A five-year campaign to eliminate corruption in poverty relief was launched this year to address the growing number of officials implicated in the misuse or embezzlement of funds.
Prosecutors investigated 658 officials responsible for poverty alleviation in the first five months, an increase of 53.7 percent compared to the same period in 2015, according to statistics from the Supreme People’s Procuratorate.
Its investigations revealed that local-level officials were most likely to be involved in bribery, embezzlement, speculation and dereliction of duty.
The databases hold information on those responsible for poverty relief funds since 2014 and their background information, including their family details, as well as house and vehicle ownership.

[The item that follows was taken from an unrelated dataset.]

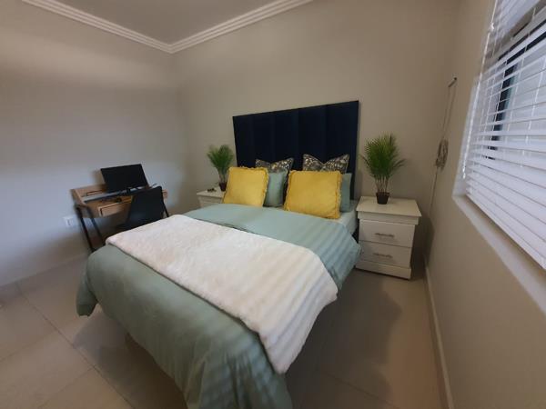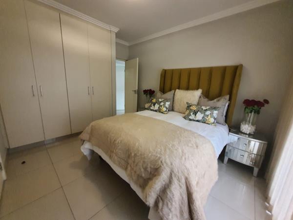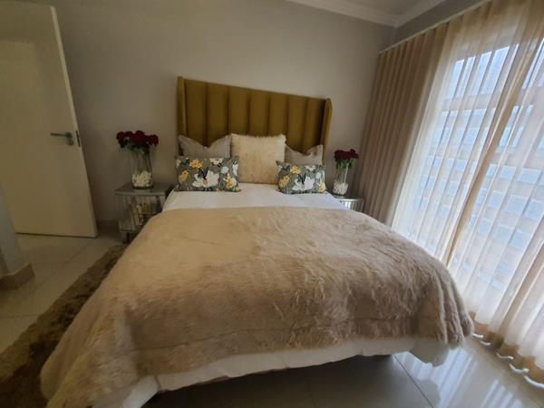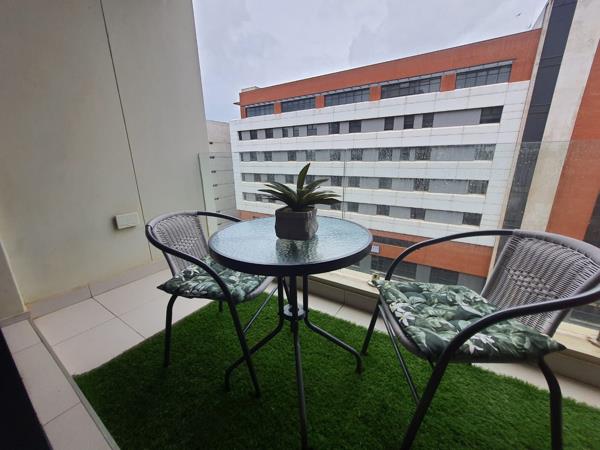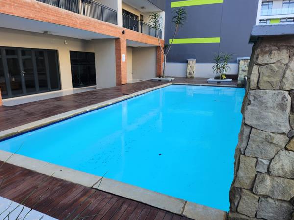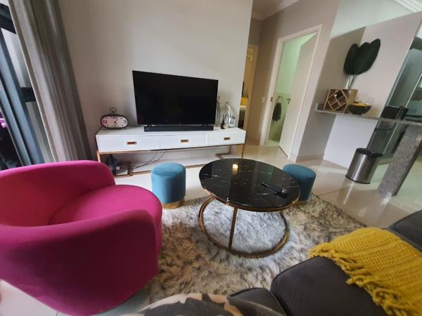 The unit encompasses an open-plan layout with a fitted kitchen, lounge, two bedrooms, and two bathrooms. The master bedroom has an en suite making your private space convenient. The main bedroom and lounge leads to a balcony.

Previously, data was neither unified nor available to all government agencies.
The databases allow disciplinary staff to check whether funds were assigned to qualified receivers. There are also regulations in place that ban the relatives of government workers, or those who own a house in the city or a car, from being classed as “those in need.”
So far, the databases have helped uncover thousands of violations.
In Shiyan, the village committee returned more than 6,000 yuan (US$870) in embezzled funds, which should have gone to villagers, to state coffers.
Following in the footsteps of Shiyan, other regions in Hubei have rolled out systems to supervise poverty relief funds.
“Big data helps us find a way to strictly govern the Party, as our top leadership requires us to do,” Hu said.